The Negro Damiao’s house was eaten up in an
instant. There wasn’t any time to get his stuff out. The wind was blowing,
throwing sparks into the distance. A thousand tongues of flame swallowed up the
ripe cane, like a thousand hungry dogs. The wind inflated the fire’s diabolic
appetite, never ceasing to blow for a moment. But the fieldworkers were in
there fighting furiously to contain the blaze, Uncle Juca in the middle of
them. The spades dug into the soil, the scythes cut through the cane, creating
the clearings that would hold back the course of the fire. They beat back the
flame with green branches, yelling all the while as if they were in hand to
hand combat.
We stayed back, watching and listening to the
manoevres and the sound of the fight. My eyes were weeping from the smoke and
the smell of burned sugar that filled the air.

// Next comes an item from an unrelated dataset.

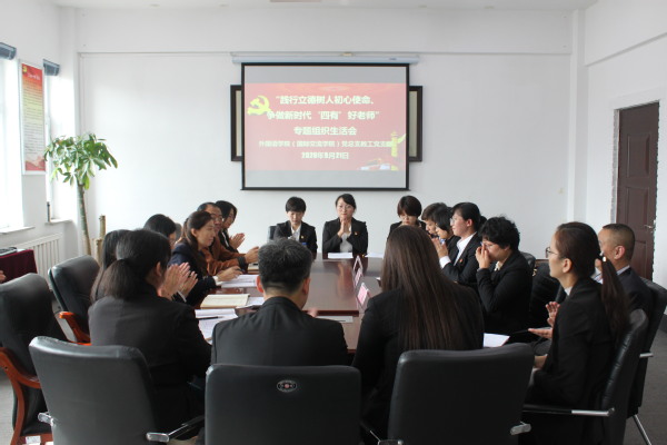 纪委书记、党委副书记、副校长程越在外国语学院(国际交流学院)教工党支部专题组织生活会上提出了四点要求:一是要坚定理想信念,牢记使命,潜心育人,以党员教师的责任与担当为学生扣好“人生第一粒扣子”;二是要提升道德追求,坚守精神家园,用务实的言行和高尚的情操为学生树立优秀的示范榜样;三是要站在知识发展前沿,刻苦钻研,严谨笃学,不断充实、拓展、提升自己,以锲而不舍的学习研究为学生提供鲜活的知识清泉;四是要拥有仁爱之心,以爱为源,以心育心,尊重、理解和宽容学生,用情感、欣赏和信任为学生搭建平稳的成长成才之路。

People were coming from the
surrounding farms to help. And, as the night fell, the fire burnt bright.
The flames climbed higher now as the wind
slackened. The men would walk over the embers, and singe their hair in the
close combat with an enemy who would not surrender.
“Look! Ze Passarinho’s house is burning!”
Ze Guedes ran through the flames and came out
with old Naninha in his arms, throwing her to the ground like a sack of sugar.
“Attack the fire,” my grandfather shouted, his
stick in his hand, pointing.
My Uncle Juca grew in my estimation that day,
with the courage that he and his friends showed. Uncle Juca stood with them,
sharing in their danger and their exertions. Tenants arrived from Maravalha and
Taipu. And there were more than five hundred men confronting the desperate
enemy. The fire did not cross the stream because the stream was surrounded by
clearings and people were waiting for it with branches, ready to beat it back.
The wind had abandoned its ally on the field of
battle.
People were left with burnt feet, singed
cheeks, red eyes and ragged clothes. Ze Guedes’ chest was covered in burns. The
fields smouldered.
“We’ll have to keep people in the clearings through
the night.”
Back at the mill my grandfather put ironwood
resin in people’s wounds to disinfect them or else the burns would fester.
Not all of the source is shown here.